Exercise requirements: Before you return the lines below, strip out any images and keep every word as written.

Supplied information:
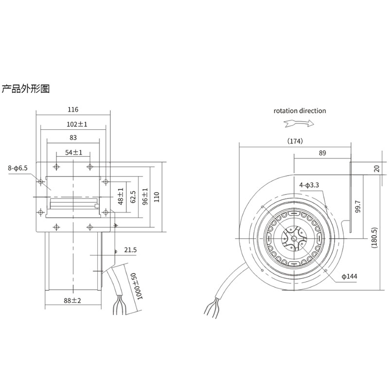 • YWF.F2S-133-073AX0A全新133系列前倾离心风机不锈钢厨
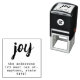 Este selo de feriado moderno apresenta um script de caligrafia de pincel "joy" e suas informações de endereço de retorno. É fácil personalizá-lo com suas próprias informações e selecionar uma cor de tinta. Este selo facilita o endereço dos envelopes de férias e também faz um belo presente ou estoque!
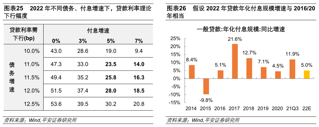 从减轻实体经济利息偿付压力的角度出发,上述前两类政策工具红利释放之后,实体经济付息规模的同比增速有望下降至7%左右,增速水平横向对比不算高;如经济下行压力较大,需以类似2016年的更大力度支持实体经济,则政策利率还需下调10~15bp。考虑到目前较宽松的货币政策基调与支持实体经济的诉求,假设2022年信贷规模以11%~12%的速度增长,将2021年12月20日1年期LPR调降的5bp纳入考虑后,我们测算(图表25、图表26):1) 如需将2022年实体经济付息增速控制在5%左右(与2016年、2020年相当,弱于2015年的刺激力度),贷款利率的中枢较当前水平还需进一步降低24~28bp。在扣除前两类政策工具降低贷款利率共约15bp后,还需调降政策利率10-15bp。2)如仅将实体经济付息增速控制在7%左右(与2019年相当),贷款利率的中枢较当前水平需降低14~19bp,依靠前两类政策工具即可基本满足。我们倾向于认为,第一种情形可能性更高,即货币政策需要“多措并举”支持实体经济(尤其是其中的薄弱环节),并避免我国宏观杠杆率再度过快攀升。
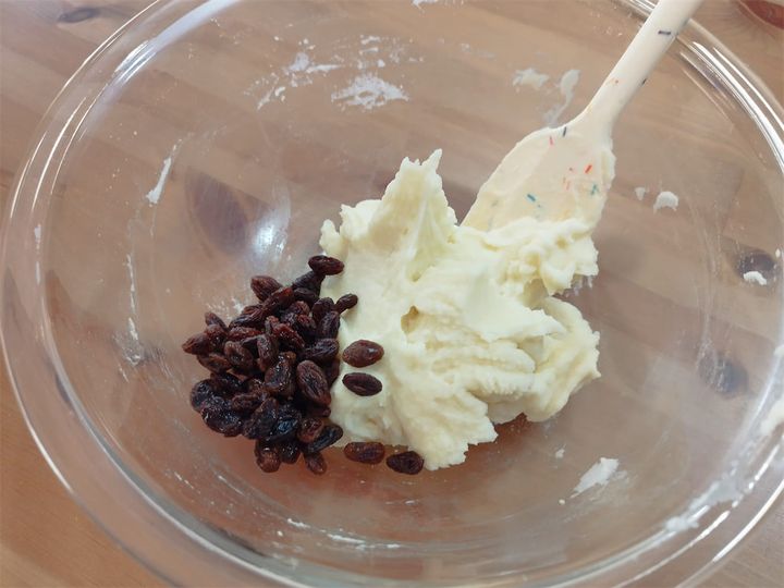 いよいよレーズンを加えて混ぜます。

Response to the task:
 • YWF.F2S-133-073AX0A全新133系列前倾离心风机不锈钢厨
 Este selo de feriado moderno apresenta um script de caligrafia de pincel "joy" e suas informações de endereço de retorno. É fácil personalizá-lo com suas próprias informações e selecionar uma cor de tinta. Este selo facilita o endereço dos envelopes de férias e também faz um belo presente ou estoque!
 从减轻实体经济利息偿付压力的角度出发,上述前两类政策工具红利释放之后,实体经济付息规模的同比增速有望下降至7%左右,增速水平横向对比不算高;如经济下行压力较大,需以类似2016年的更大力度支持实体经济,则政策利率还需下调10~15bp。考虑到目前较宽松的货币政策基调与支持实体经济的诉求,假设2022年信贷规模以11%~12%的速度增长,将2021年12月20日1年期LPR调降的5bp纳入考虑后,我们测算(图表25、图表26):1) 如需将2022年实体经济付息增速控制在5%左右(与2016年、2020年相当,弱于2015年的刺激力度),贷款利率的中枢较当前水平还需进一步降低24~28bp。在扣除前两类政策工具降低贷款利率共约15bp后,还需调降政策利率10-15bp。2)如仅将实体经济付息增速控制在7%左右(与2019年相当),贷款利率的中枢较当前水平需降低14~19bp,依靠前两类政策工具即可基本满足。我们倾向于认为,第一种情形可能性更高,即货币政策需要“多措并举”支持实体经济(尤其是其中的薄弱环节),并避免我国宏观杠杆率再度过快攀升。
 いよいよレーズンを加えて混ぜます。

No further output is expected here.